**DATA EXCERPT:**
┄┄┄┄┄┄
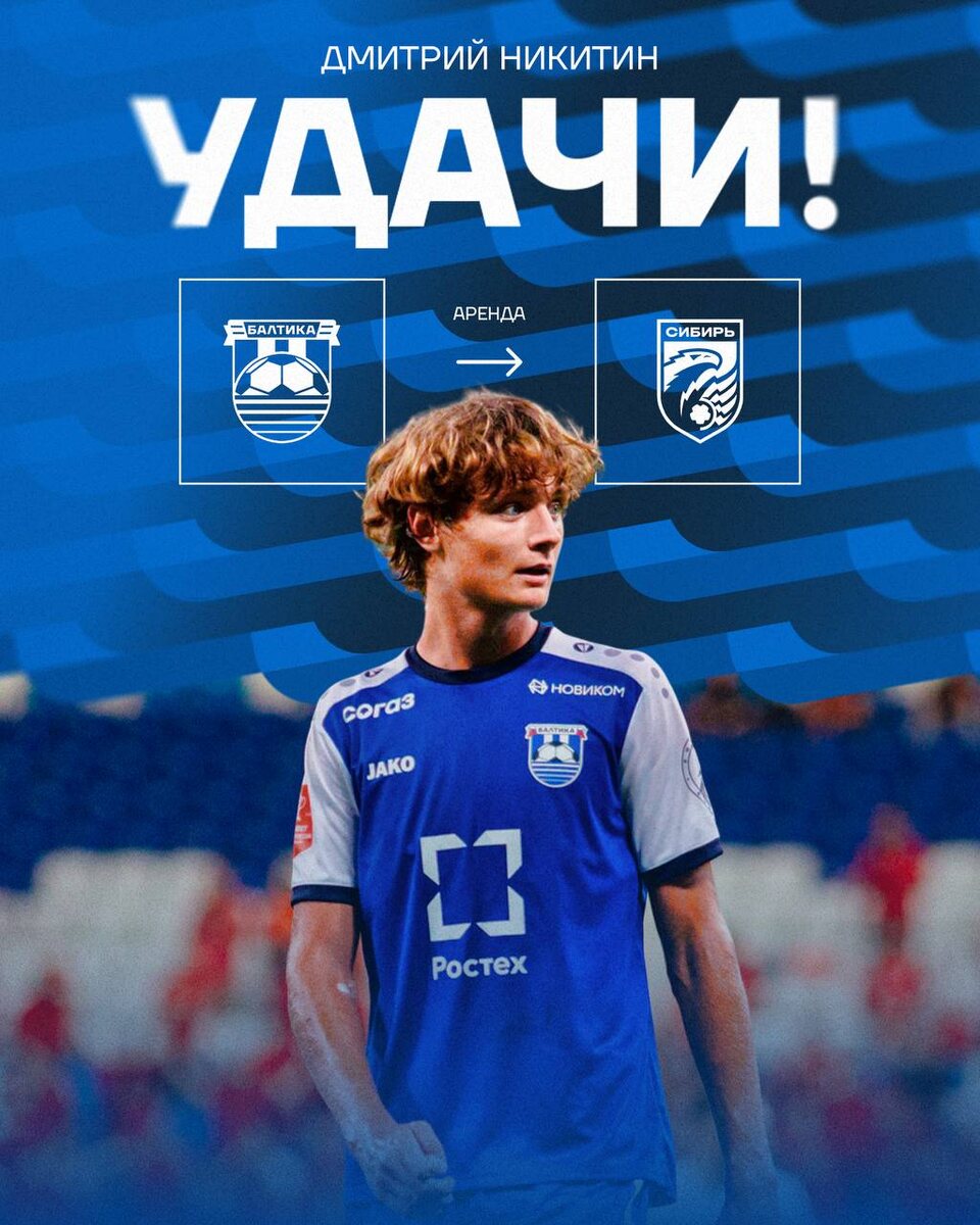 Футбольные клубы «Балтика» и «Сибирь» достигли договорённости об аренде нападающего Дмитрия Никитина до конца сезона 2025/26. Дмитрий пополнил ряды Балтийцев в июне 2023 года. Свои выступления он начал в команде «Балтика-М», за которую провёл 38 матчей, забил 3 гола и отдал 8 результативных передач. Следующим шагом стал переход в «Балтику-2», где игрок продолжил демонстрировать уверенную игру, в особенности выделяясь в борьбе на втором этаже. В 27 матчах за вторую команду он отметился 10 забитыми мячами и 3 голевыми передачами. Дебют Никитина в основной команде «Балтики» состоялся 24 мая 2025 года в матче против тульского «Арсенала». Всего за главную команду калининградец провёл 5 матчей, в которых не отличился голевыми действиями. Желаем Диме реализации своего потенциала, полезного игрового опыта и новых вершин!
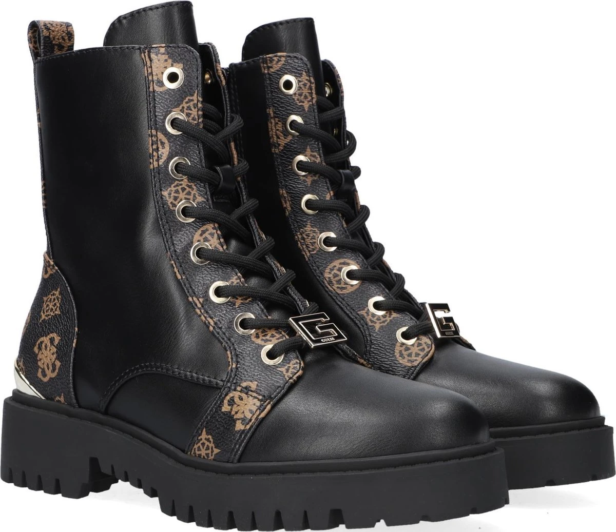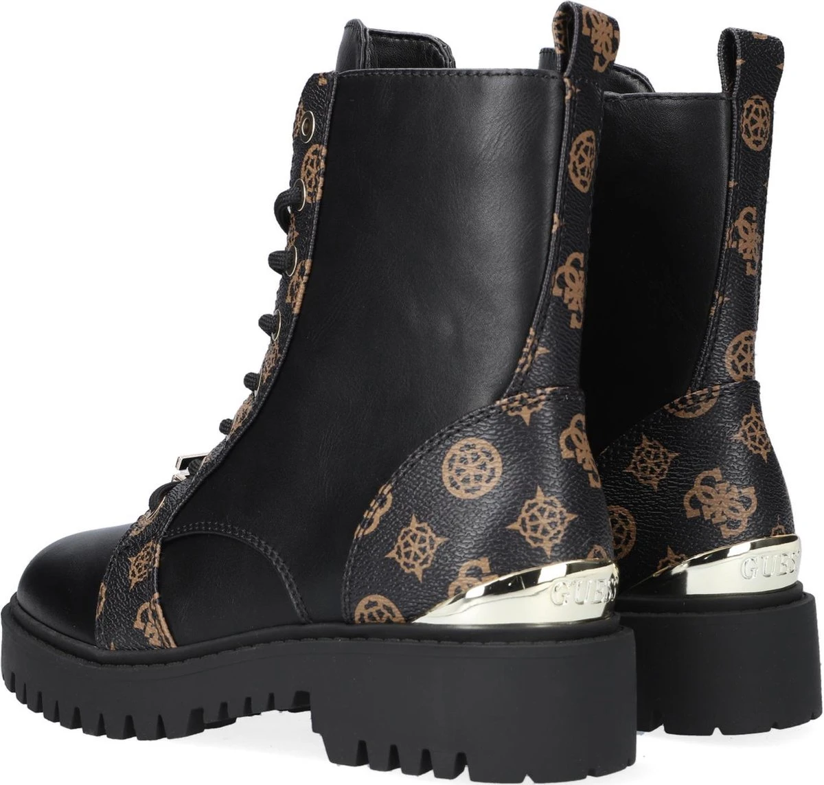 Voeg een beetje glam toe aan je outfit met deze zwarte veterboots Omala uit de collectie van Guess! Het bovenwerk is uitgevoerd in lederlook en heeft een print van lichtbruine merkopdrukken langs de veterklep, de hielcap en de aantreklus. Op de veter bevind zich metallic goudkleurige merkembleem en op de hiel zit een goudkleurige hielstabilisator met merkreliëf. Het binnenwerk heeft een zachte textiel voering met een vast voetbed. De opvallende zool is extra dik en heeft diepe groeven voor superveel grip. Onder de voorvoet is de laars bijna 3 centimeter hoog en de hakhoogte is 4,5 centimeter. Draag deze trendy boots relaxed onder een jeans of nonchalant onder een rokje of jurkje.
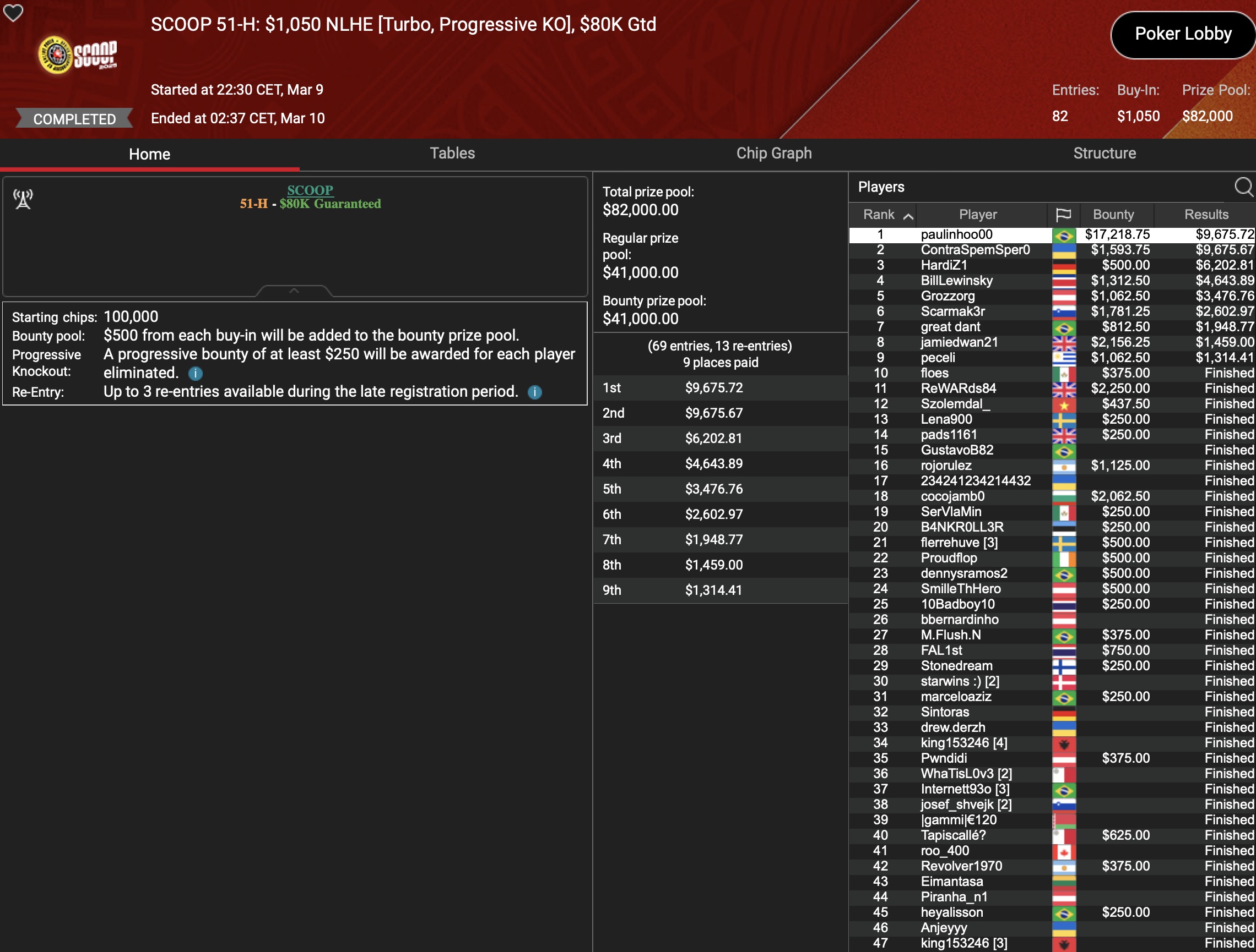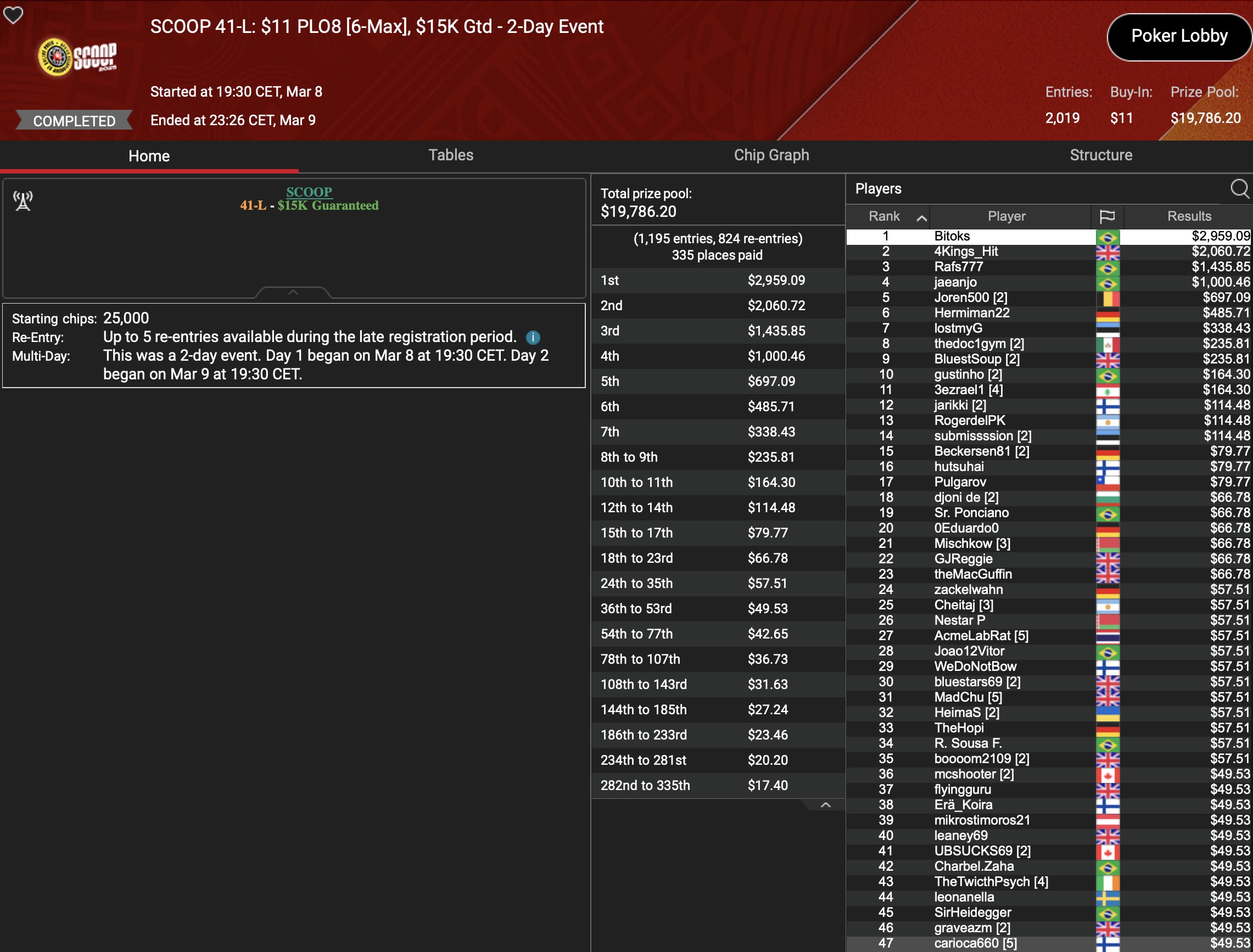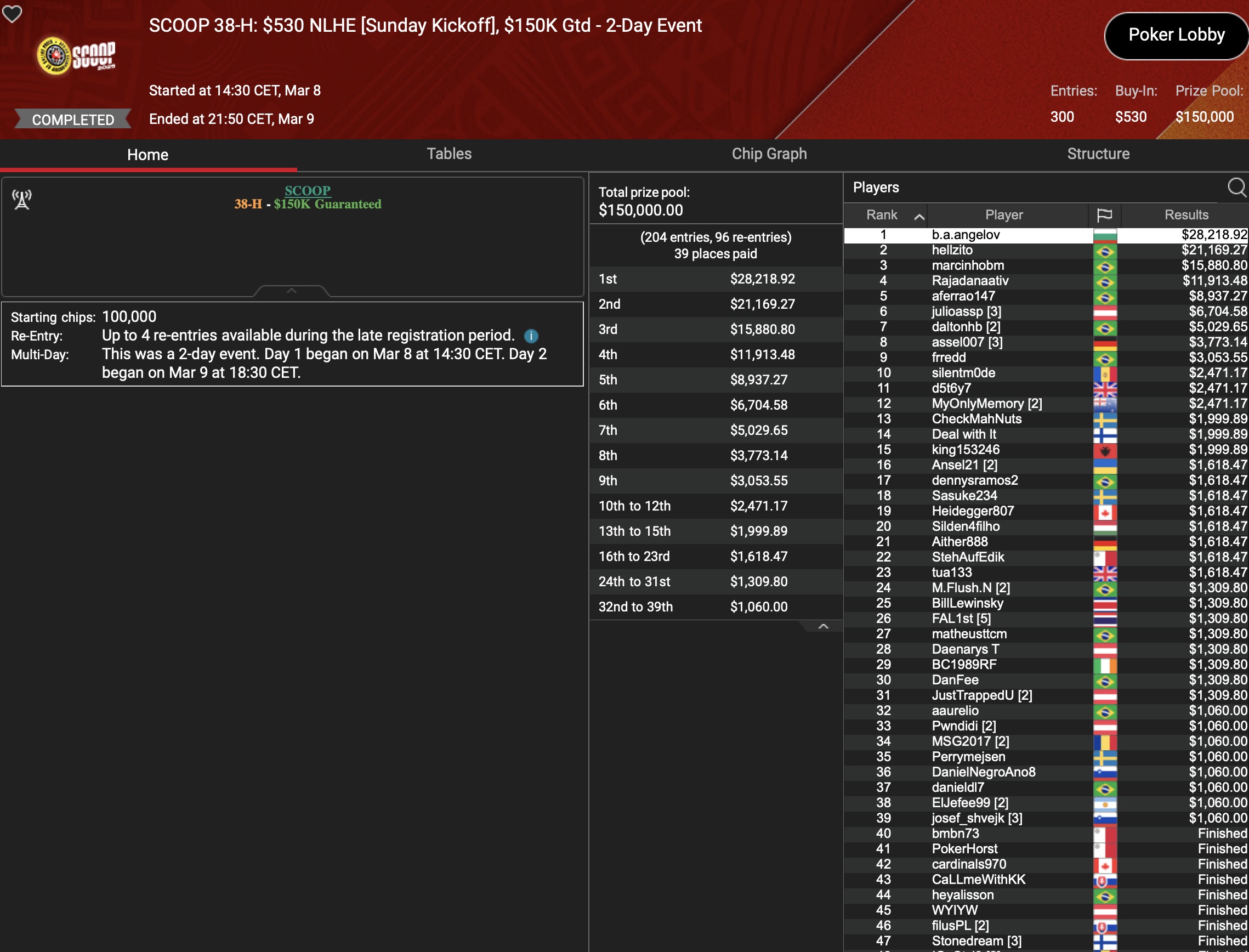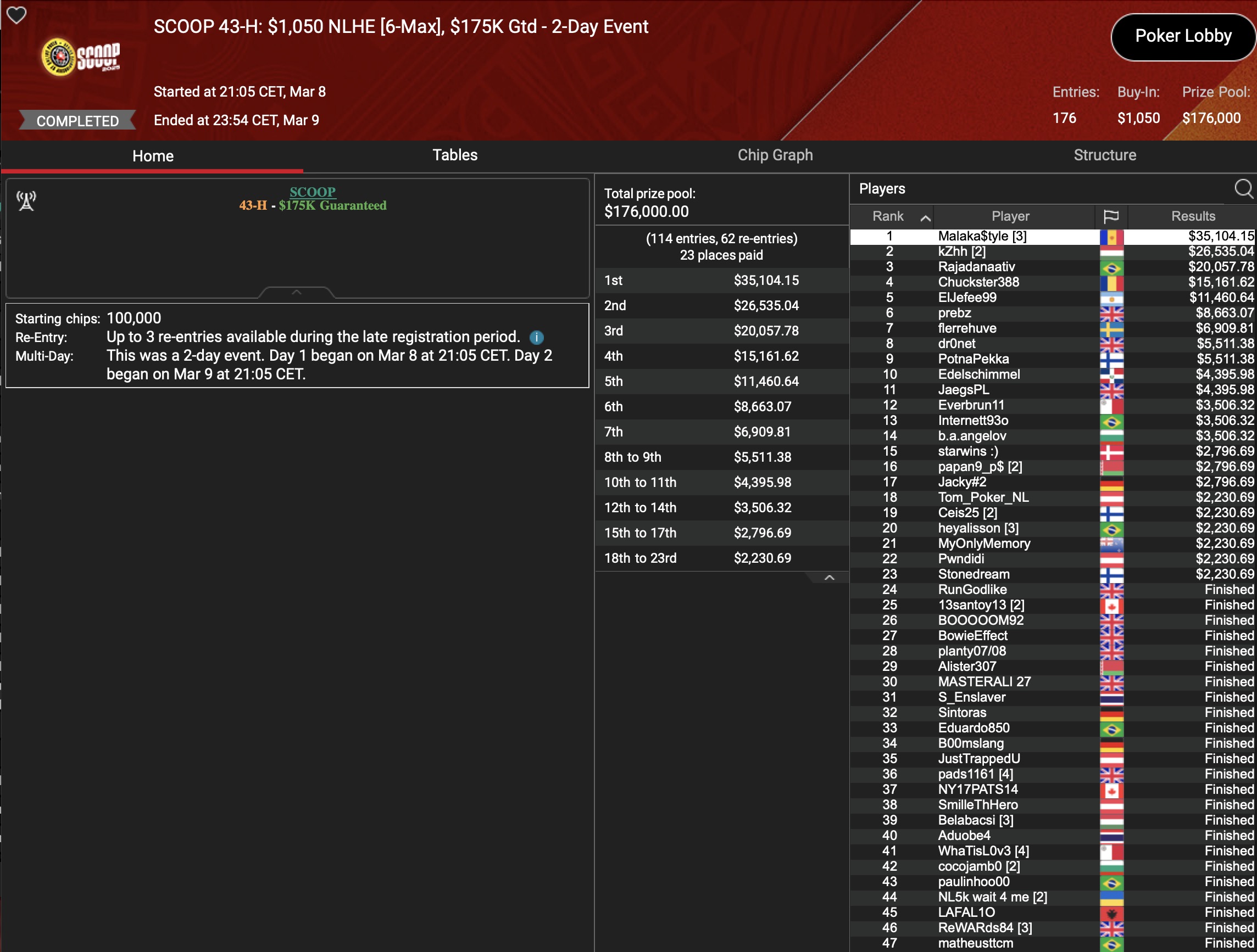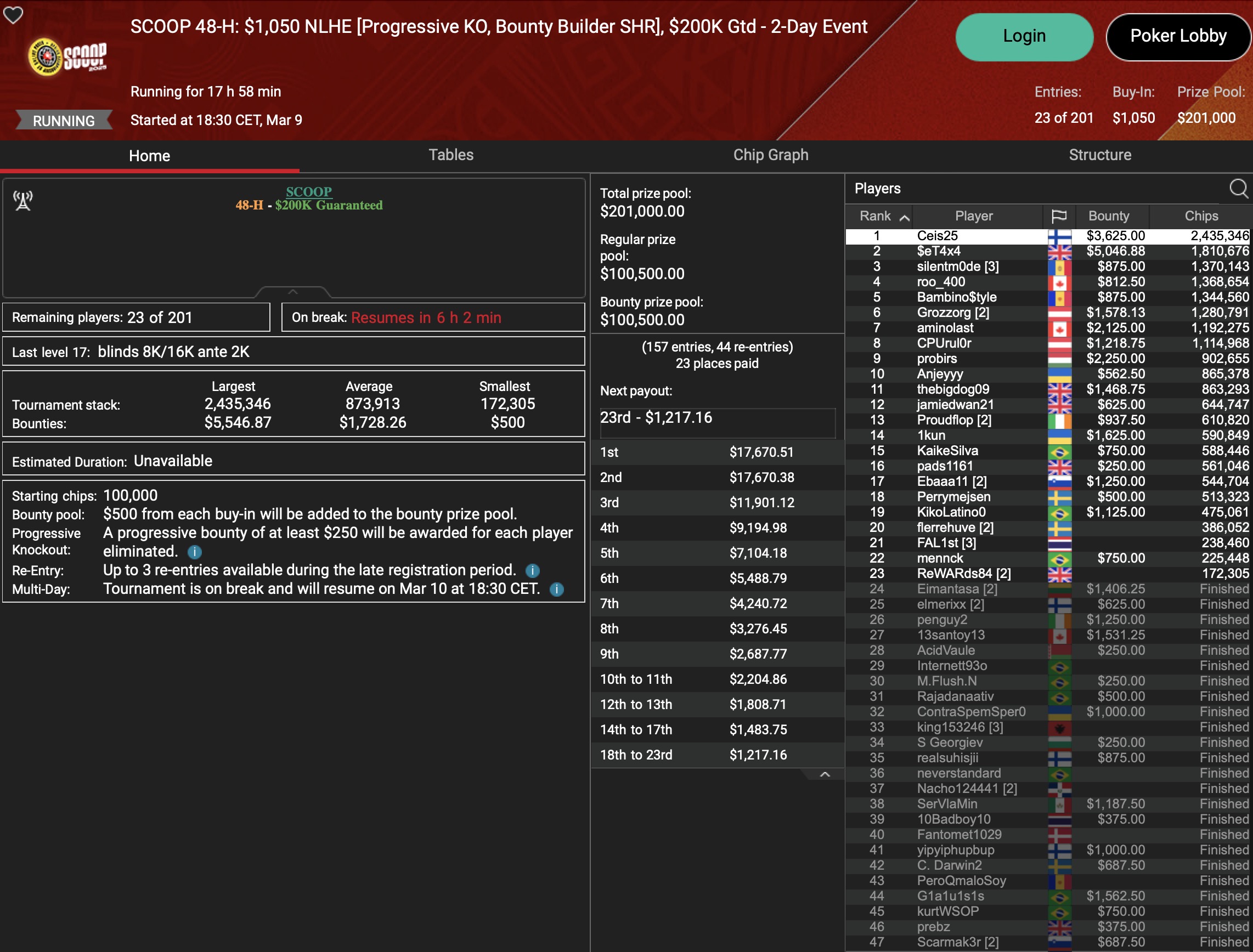 Von den 24 SCOOP-Trophys gingen am Montag verhältnismäßig viele an die ganz großen Namen der Online-Pokerszene: „€urop€an“ gewann für $65.045 gegen 349 Kontrahenten das $1.050 Sunday High Roller, „b.a.angelov“ blieb gegen 299 Widersacher bis zum Schluss im $530 Sunday Kickoff am Tisch und gewann $28.218, Niklas „Lena900“ Aastedt blieb im $1.050 Sunday Warm-Up auch im abschließenden Heads-Up gegen Blaz „Scarmak3r“ Zerjav vorn und fügte seiner Bankroll $21.148+$22.935 hinzu. Und Patrick „pads1161“ Leonard holte keine 24 Stunden nach seinem Trophy-Gewinn den nächsten SCOOP-Pokal im $1.050 PLO8, wofür es $20.551 gab.
┄┄┄┄┄┄
**PROBLEM TO SOLVE:** Retype exactly. Include each line from the start of the material through the line holding "Voeg een beetje", and leave the pictures out.

**WRITTEN ANSWER:**
 Футбольные клубы «Балтика» и «Сибирь» достигли договорённости об аренде нападающего Дмитрия Никитина до конца сезона 2025/26. Дмитрий пополнил ряды Балтийцев в июне 2023 года. Свои выступления он начал в команде «Балтика-М», за которую провёл 38 матчей, забил 3 гола и отдал 8 результативных передач. Следующим шагом стал переход в «Балтику-2», где игрок продолжил демонстрировать уверенную игру, в особенности выделяясь в борьбе на втором этаже. В 27 матчах за вторую команду он отметился 10 забитыми мячами и 3 голевыми передачами. Дебют Никитина в основной команде «Балтики» состоялся 24 мая 2025 года в матче против тульского «Арсенала». Всего за главную команду калининградец провёл 5 матчей, в которых не отличился голевыми действиями. Желаем Диме реализации своего потенциала, полезного игрового опыта и новых вершин!
 Voeg een beetje glam toe aan je outfit met deze zwarte veterboots Omala uit de collectie van Guess! Het bovenwerk is uitgevoerd in lederlook en heeft een print van lichtbruine merkopdrukken langs de veterklep, de hielcap en de aantreklus. Op de veter bevind zich metallic goudkleurige merkembleem en op de hiel zit een goudkleurige hielstabilisator met merkreliëf. Het binnenwerk heeft een zachte textiel voering met een vast voetbed. De opvallende zool is extra dik en heeft diepe groeven voor superveel grip. Onder de voorvoet is de laars bijna 3 centimeter hoog en de hakhoogte is 4,5 centimeter. Draag deze trendy boots relaxed onder een jeans of nonchalant onder een rokje of jurkje.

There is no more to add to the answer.